▶ _DATA PROVIDED_:
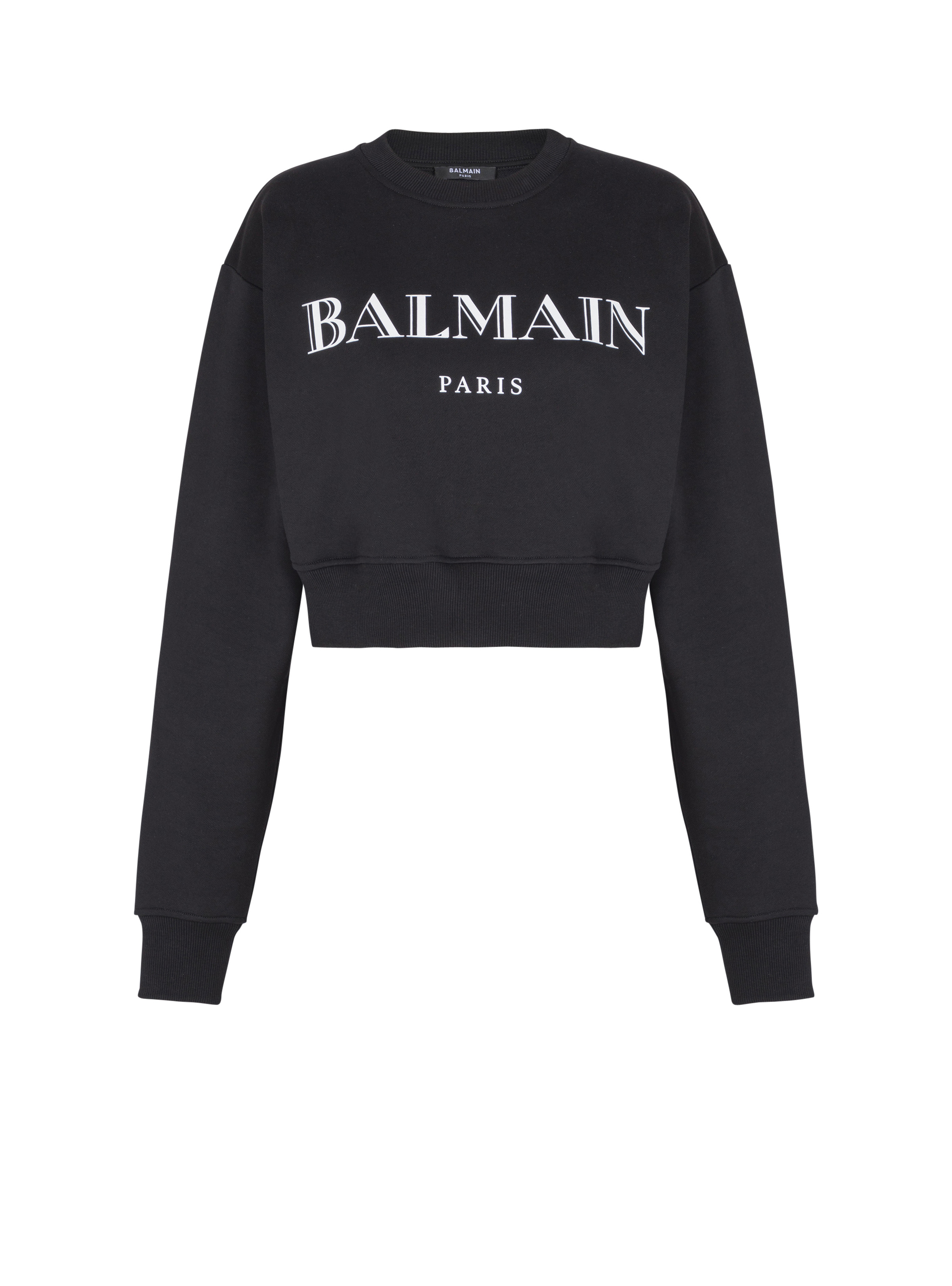 Printed Balmain sweatshirt - Vintage Balmain logo printed on the front - Cropped, relaxed fit - Crew neck - Long sleeves - Ribbed trim - Model measures 178cm and wears a size S - Main material: 100% cotton - Made in Portugal - Item: FF2JO080BD28
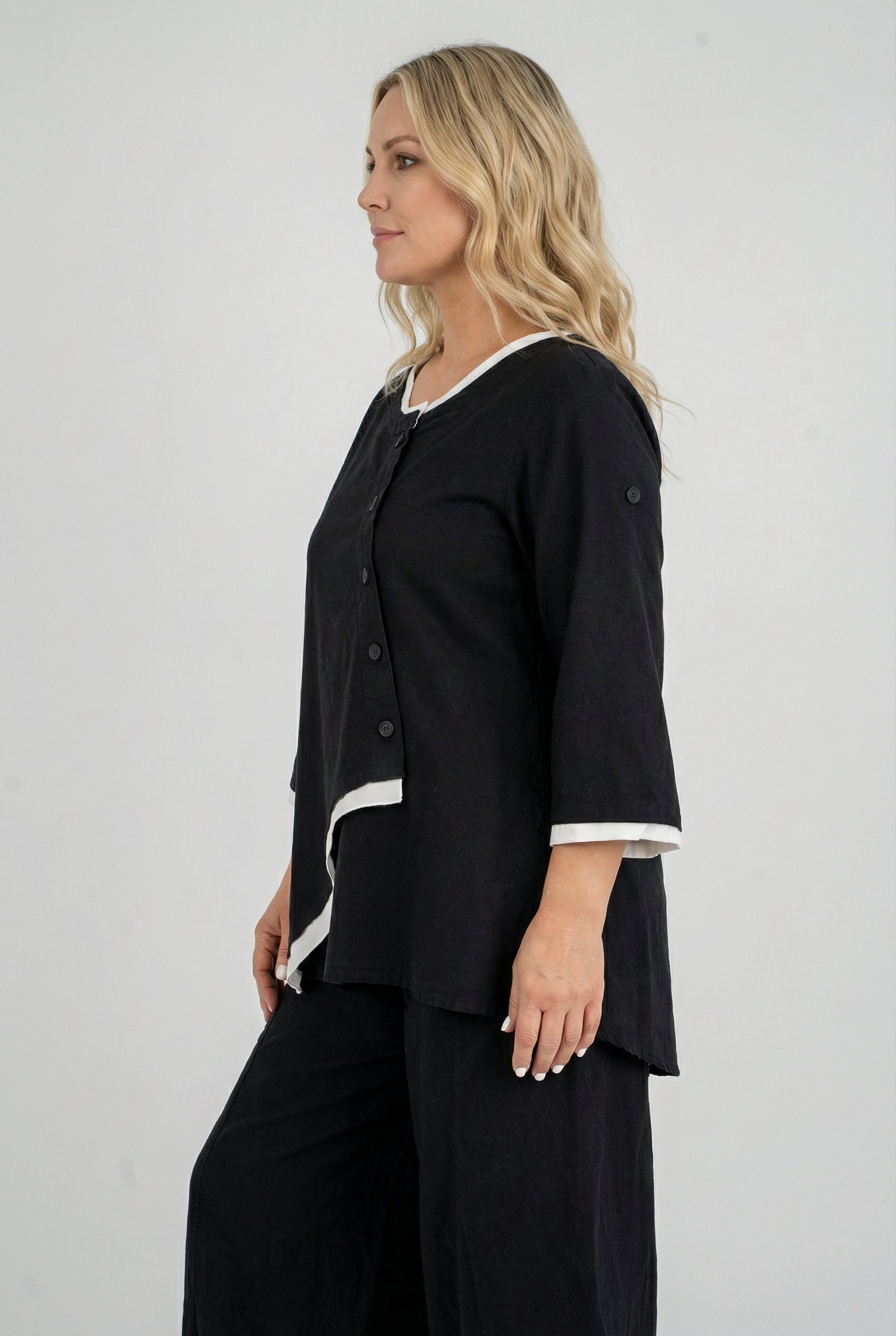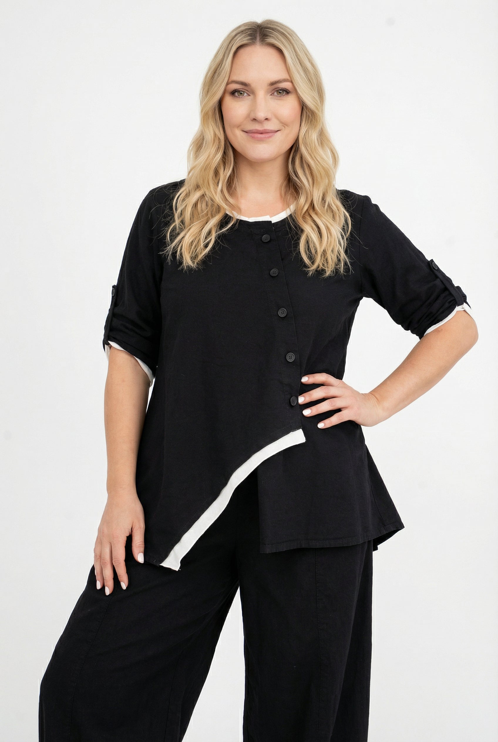 Wenn Basics ein Update bekommen, sieht es so aus: „Saria“ spielt mit klaren Linien und einer schrägen Knopfleiste, die dem Look Charakter gibt. Die 100% Baumwolle fühlt sich angenehm natürlich an, ist atmungsaktiv und macht jede Bewegung mit. Der Rundhalsausschnitt mit Kontrastkante rahmt dezent das Gesicht, während der leicht ausgestellte Schnitt locker über die Hüfte fällt. Aufschlag-Ärmel mit Riegel erlauben ein schnelles Umschlagen – perfekt, wenn der Tag von Meeting zu Café wechselt.
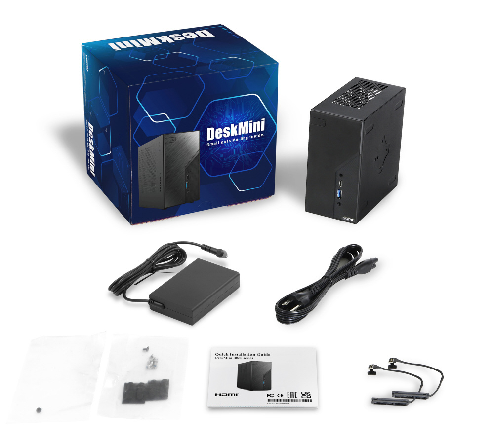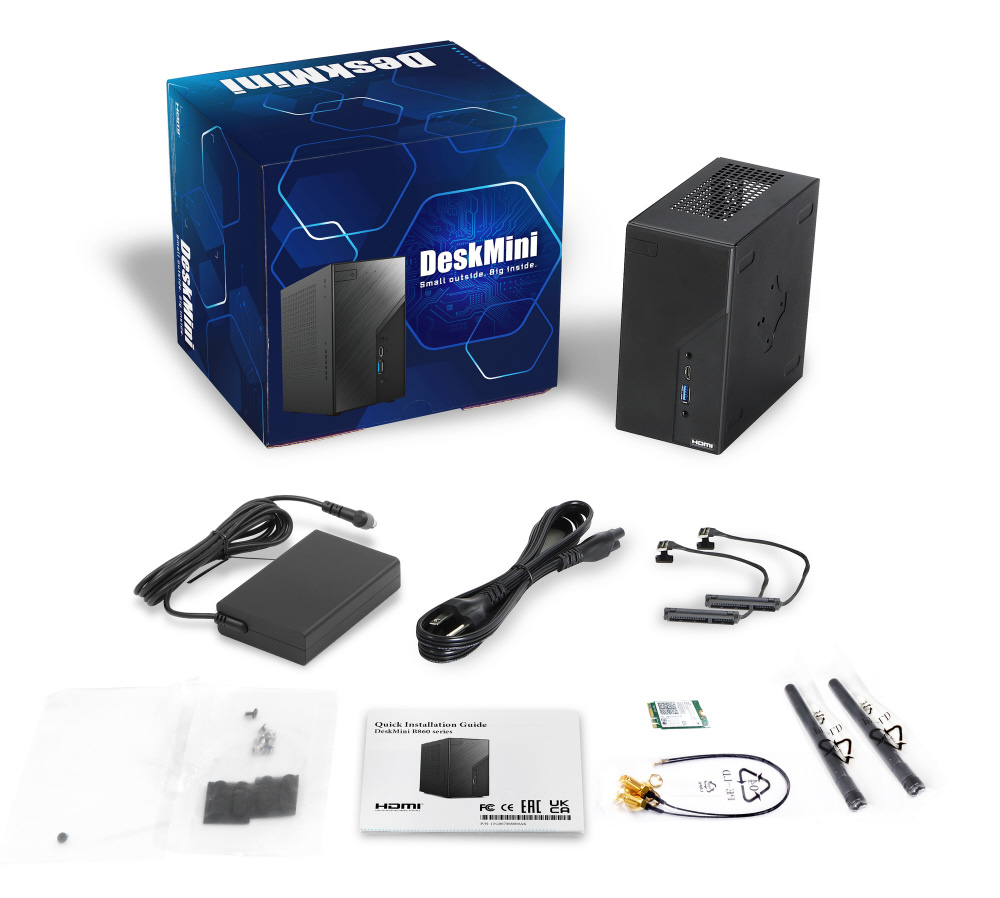 付属品 ACアダプター、SATAデータ&電源ケーブル、M.2ソケット用ネジ、Wi-Fiモジュール用ネジ

▶ _ACTION ITEM_:
Output all of the listing above, exactly as given, but without its pictures.

▶ _SOLVED EXERCISE_:
 Printed Balmain sweatshirt - Vintage Balmain logo printed on the front - Cropped, relaxed fit - Crew neck - Long sleeves - Ribbed trim - Model measures 178cm and wears a size S - Main material: 100% cotton - Made in Portugal - Item: FF2JO080BD28
 Wenn Basics ein Update bekommen, sieht es so aus: „Saria“ spielt mit klaren Linien und einer schrägen Knopfleiste, die dem Look Charakter gibt. Die 100% Baumwolle fühlt sich angenehm natürlich an, ist atmungsaktiv und macht jede Bewegung mit. Der Rundhalsausschnitt mit Kontrastkante rahmt dezent das Gesicht, während der leicht ausgestellte Schnitt locker über die Hüfte fällt. Aufschlag-Ärmel mit Riegel erlauben ein schnelles Umschlagen – perfekt, wenn der Tag von Meeting zu Café wechselt.
 付属品 ACアダプター、SATAデータ&電源ケーブル、M.2ソケット用ネジ、Wi-Fiモジュール用ネジ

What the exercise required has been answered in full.